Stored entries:
★ ★ ★ ★ ★ ★ ★
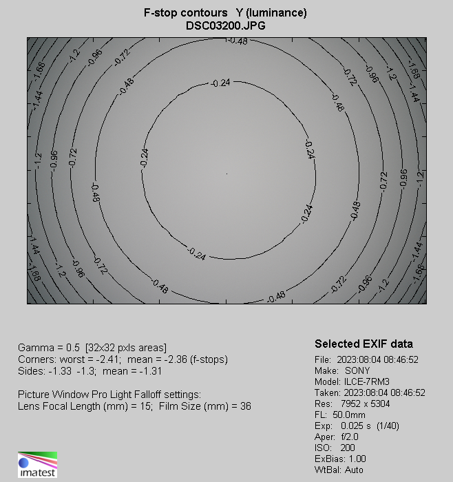 At the maximum relative aperture the Sigma C 2/50 shows vignetting of 56% (-2.36 EV), a result slightly better than 59% reached by the rival Apo Lanthar. By f/2.8 this aberration decreases to 35% (-1.24 EV), and by f/4.0 it drops to 22% (-0.71 EV). By the f/5.6 and f/8.0 apertures we got, respectively, the following values: 15% (-0.46 EV), and 13% (-0.42 EV). Further stopping down of aperture didn't bring any measureable results.
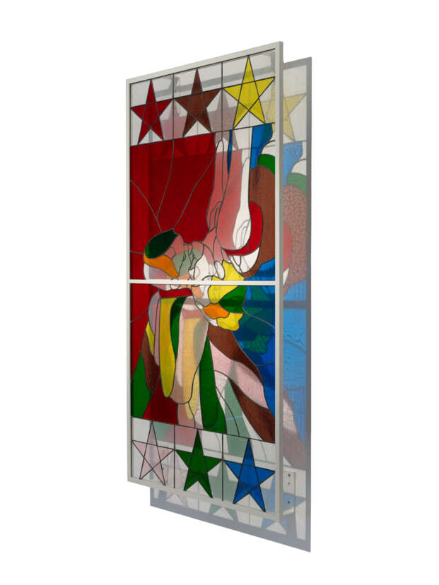 Aske and Johan upside down kissing in Power Play at Kunstforeningen GL STRAND
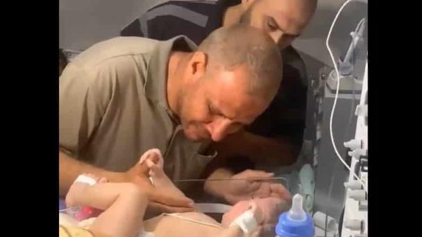 Las imágenes que conmovieron al mundo fue la grabación en donde se observa a un hombre palestino, de nombre Mohammed Al-Hadidi, quien contiene las lágrimas y acaricia a su bebé de 5 meses, después de perder a su esposa y otros tres hijos en los ataques aéreos israelíes en Gaza.
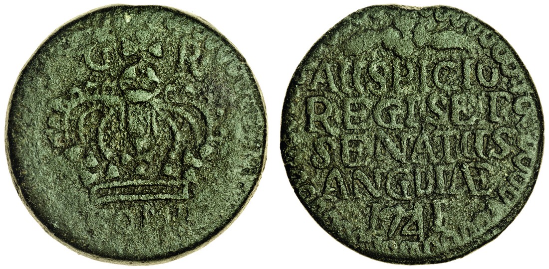 East India Company, Bombay Presidency, Tin Double-Pice, 1741, crown with g r above and bomb below, rev. auspicio regiset senatus angliae (Pr.233; KM.157), fine
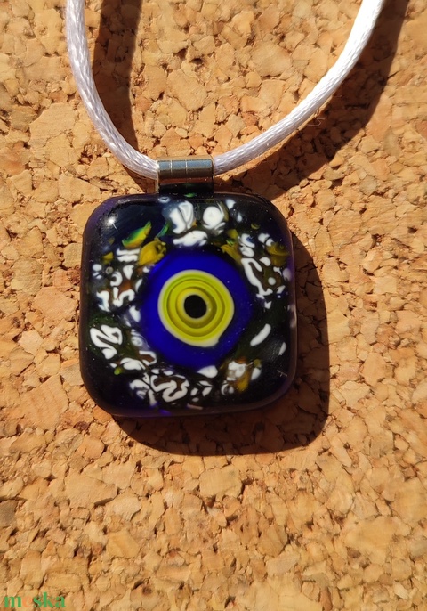 - Anyag/Összetevő bizsualkatrész, fusingüveg, millefiori gyöngy, selyem szál
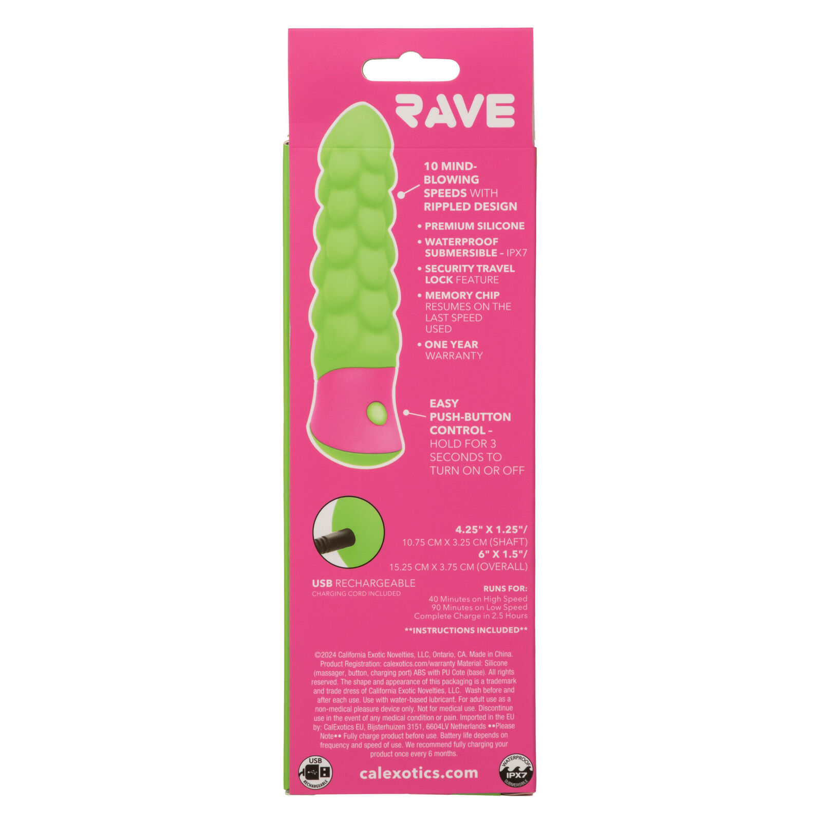 Unleash a sea of sensations with the uniquely crafted RAVE RIPPLE by Calexotics. Designed to bring the power of the ocean right to your hands, this distinctive massager will send ripples of pleasure through every curve and contour. Forget the ordinary—this masterpiece is your ticket to waves of ecstasy. Its bold, rippled form isn't just eye candy; it’s a promise of intense sensation just where you want it.
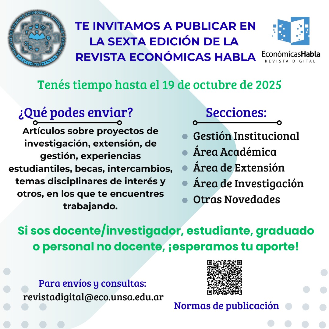 Ya podés enviar tu artículo para la 6° edición de la Revista Económicas Habla.
★ ★ ★ ★ ★ ★ ★
The task>
Print every entry exactly; omit the pictures.

The answer>
 At the maximum relative aperture the Sigma C 2/50 shows vignetting of 56% (-2.36 EV), a result slightly better than 59% reached by the rival Apo Lanthar. By f/2.8 this aberration decreases to 35% (-1.24 EV), and by f/4.0 it drops to 22% (-0.71 EV). By the f/5.6 and f/8.0 apertures we got, respectively, the following values: 15% (-0.46 EV), and 13% (-0.42 EV). Further stopping down of aperture didn't bring any measureable results.
 Aske and Johan upside down kissing in Power Play at Kunstforeningen GL STRAND
 Las imágenes que conmovieron al mundo fue la grabación en donde se observa a un hombre palestino, de nombre Mohammed Al-Hadidi, quien contiene las lágrimas y acaricia a su bebé de 5 meses, después de perder a su esposa y otros tres hijos en los ataques aéreos israelíes en Gaza.
 East India Company, Bombay Presidency, Tin Double-Pice, 1741, crown with g r above and bomb below, rev. auspicio regiset senatus angliae (Pr.233; KM.157), fine
 - Anyag/Összetevő bizsualkatrész, fusingüveg, millefiori gyöngy, selyem szál
 Unleash a sea of sensations with the uniquely crafted RAVE RIPPLE by Calexotics. Designed to bring the power of the ocean right to your hands, this distinctive massager will send ripples of pleasure through every curve and contour. Forget the ordinary—this masterpiece is your ticket to waves of ecstasy. Its bold, rippled form isn't just eye candy; it’s a promise of intense sensation just where you want it.
 Ya podés enviar tu artículo para la 6° edición de la Revista Económicas Habla.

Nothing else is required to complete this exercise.